** Task to carry out **
Start with the line that holds "Confusion matrix comparison". Please copy it and each remaining line below exactly, leaving pictures out.

(Stored data Opens)

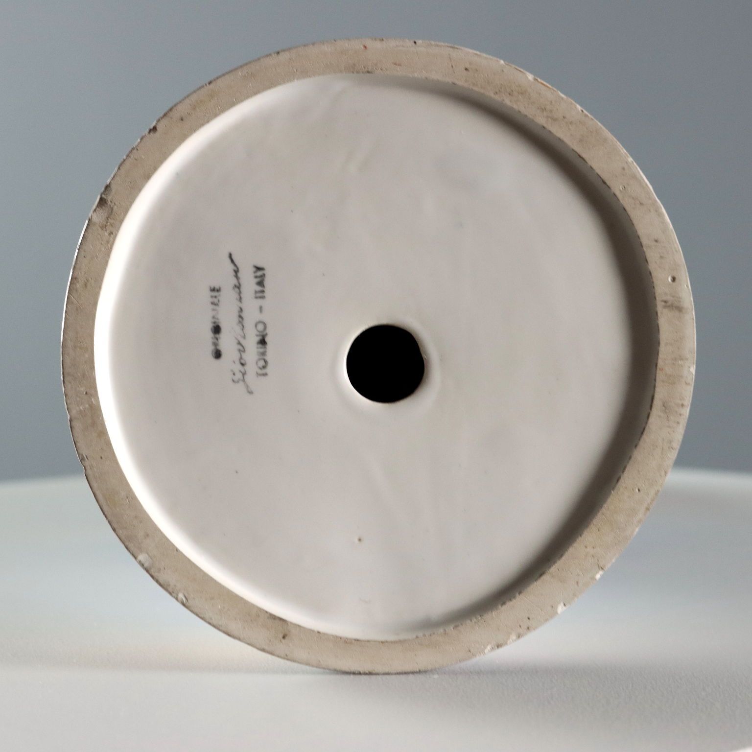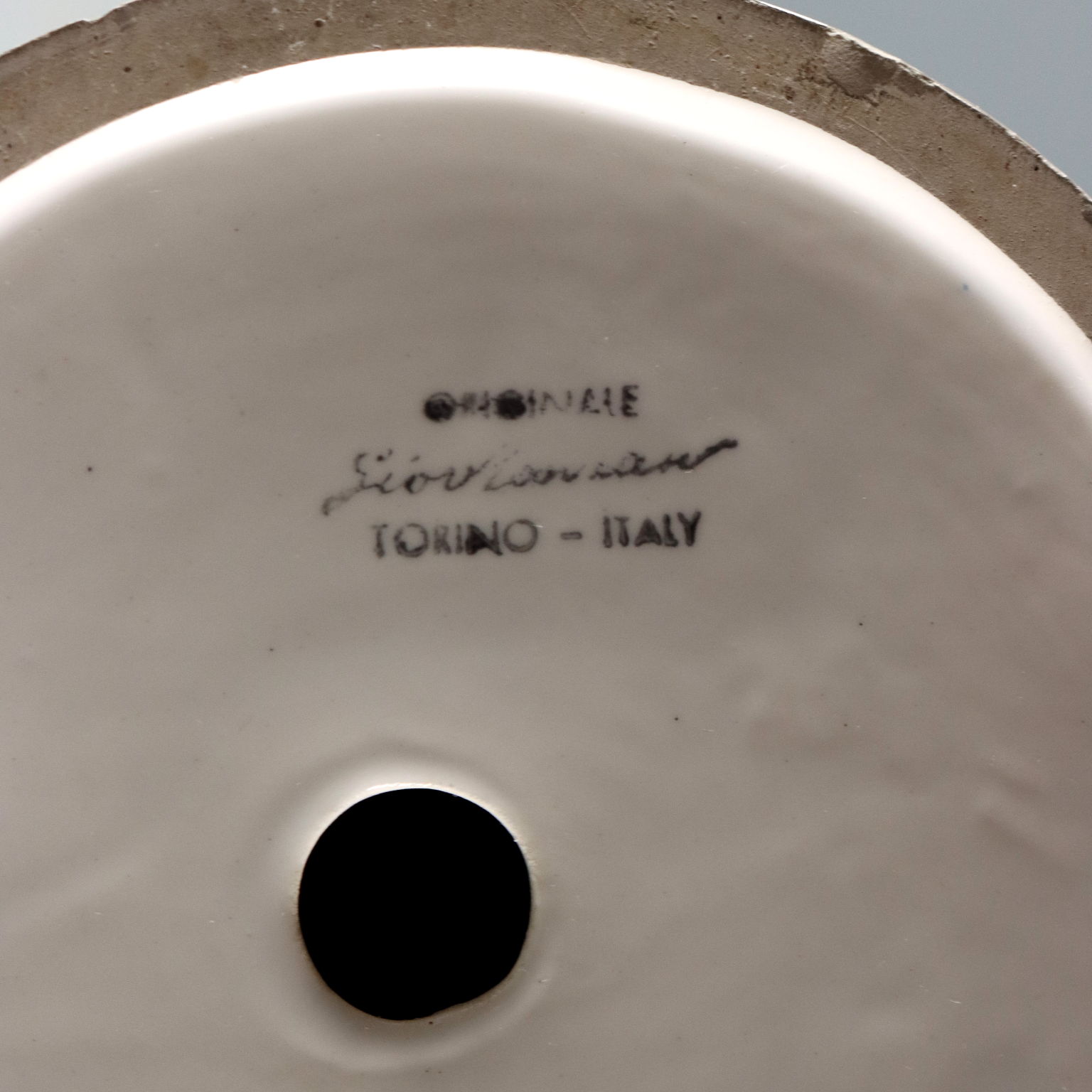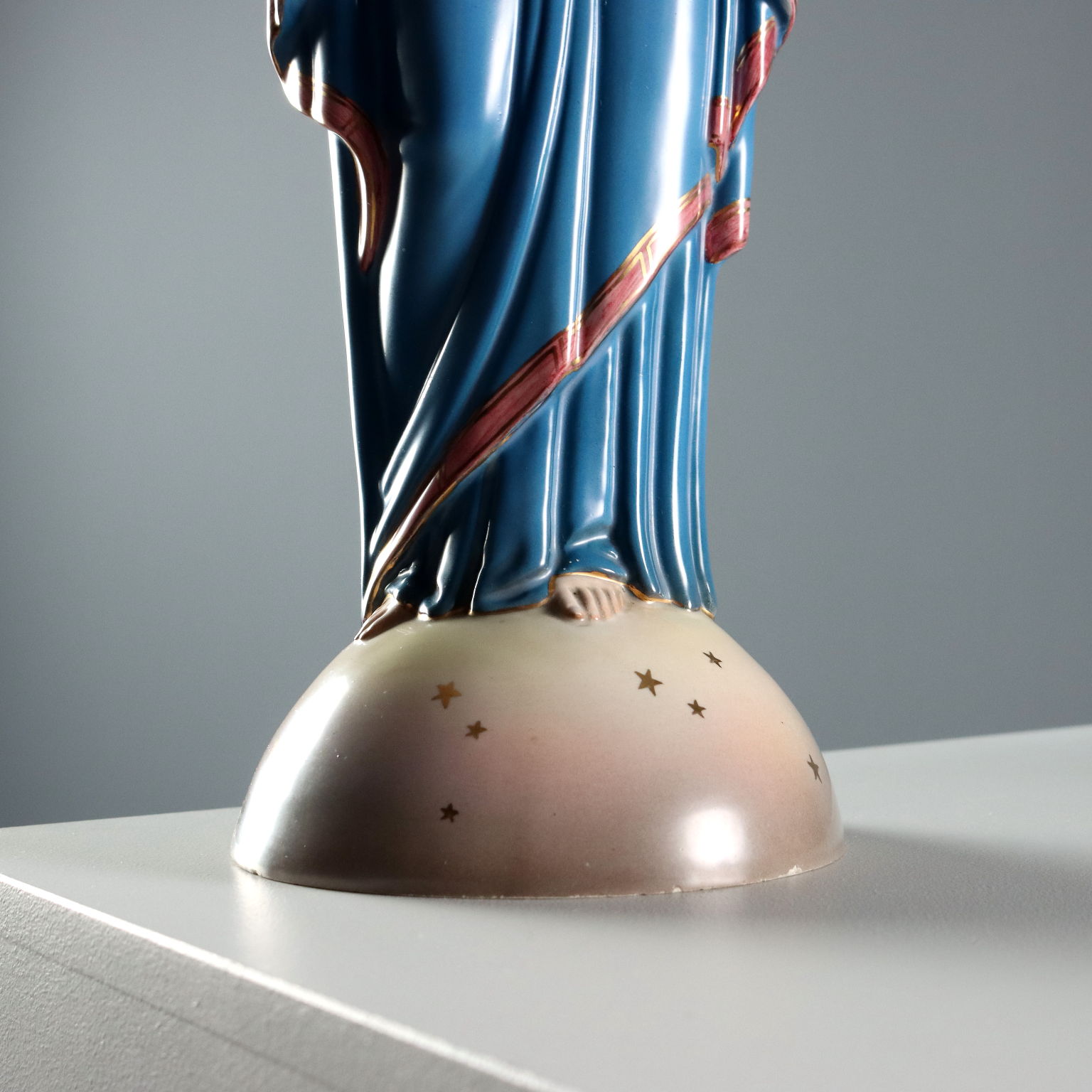Statua raffigurante Madonna con Bambino. Sotto la base marchio della manifattura: "Giovanni Ronzan, Torino Italia".
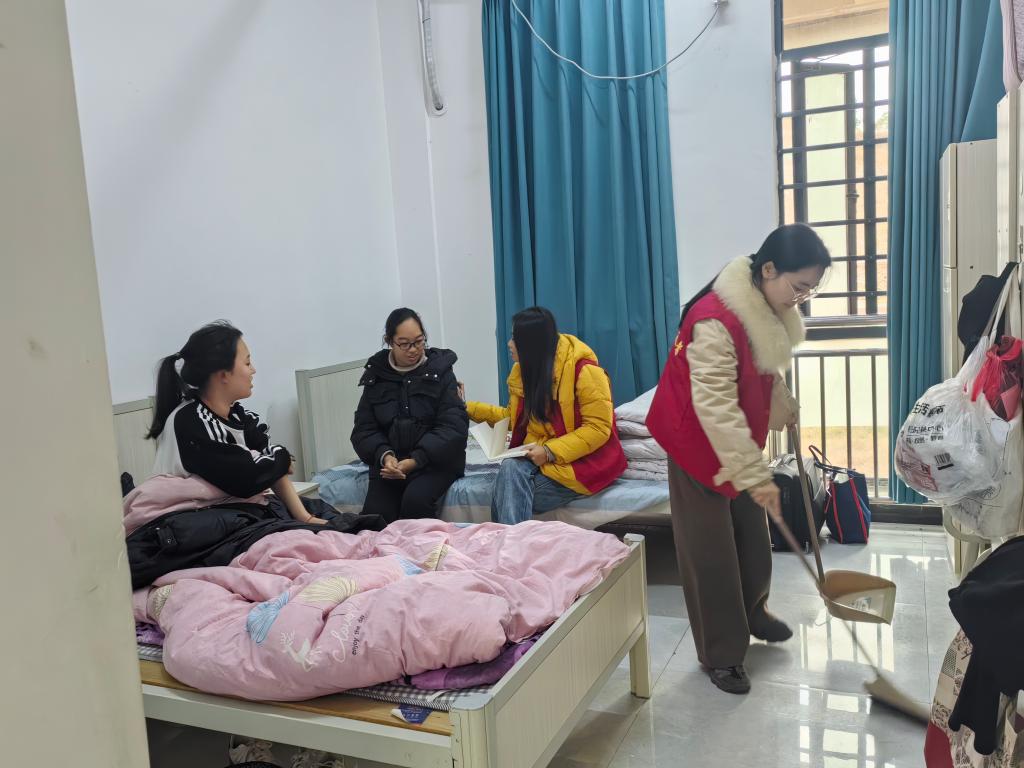 12月24日下午,支部党员来到无障碍宿舍,帮助学生清扫宿舍、跟他们开展谈心谈话。他们细心地擦拭着每一个角落,整理着每一件物品,仿佛是在为自己的孩子打造一个温馨舒适的家。两年来,机关第六党支部坚持每月及重要节假日到无障碍宿舍开展爱心服务。在长期的相处中,学生与党员们也越来越亲近。从专业学习、成长规划、校园生活以及近期遇到的困惑,大家成为了无话不谈的朋友。学生感受了老师们细致入微的关爱,更体验到了学校带给她们前行的力量。老师们看到特殊学生的变化与成长,也感到特别欣慰。
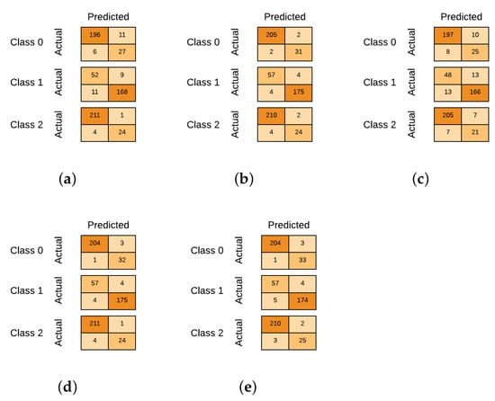 Confusion matrix comparison of the proposed scheme (a) DT, (b) RF, (c) ANN, (d) XGBoost classifier, and (e) ensemble learning: RanKer.
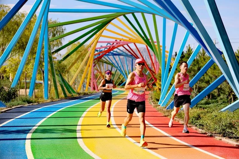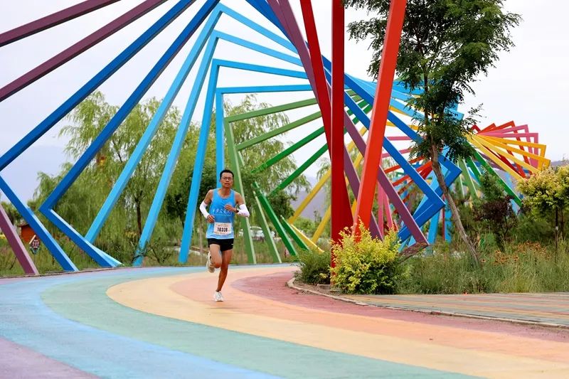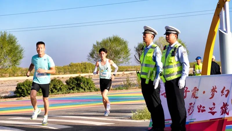 與以往不同的是,此次全程馬拉松選手途經了臨澤網紅打卡地——丹霞彩虹康養谷,彩虹跑道與七彩丹霞的美景相互映襯,宛如一幅絢麗的畫卷,被跑者們稱為“最美5A級賽道”。黑科技加持的一體式號碼布芯片與高位視頻直播,讓賽事更加公平、公正、公開,也為觀眾帶來了更好的觀賽體驗。

(Stored data Closes)

** Answer below **
 Confusion matrix comparison of the proposed scheme (a) DT, (b) RF, (c) ANN, (d) XGBoost classifier, and (e) ensemble learning: RanKer.
 與以往不同的是,此次全程馬拉松選手途經了臨澤網紅打卡地——丹霞彩虹康養谷,彩虹跑道與七彩丹霞的美景相互映襯,宛如一幅絢麗的畫卷,被跑者們稱為“最美5A級賽道”。黑科技加持的一體式號碼布芯片與高位視頻直播,讓賽事更加公平、公正、公開,也為觀眾帶來了更好的觀賽體驗。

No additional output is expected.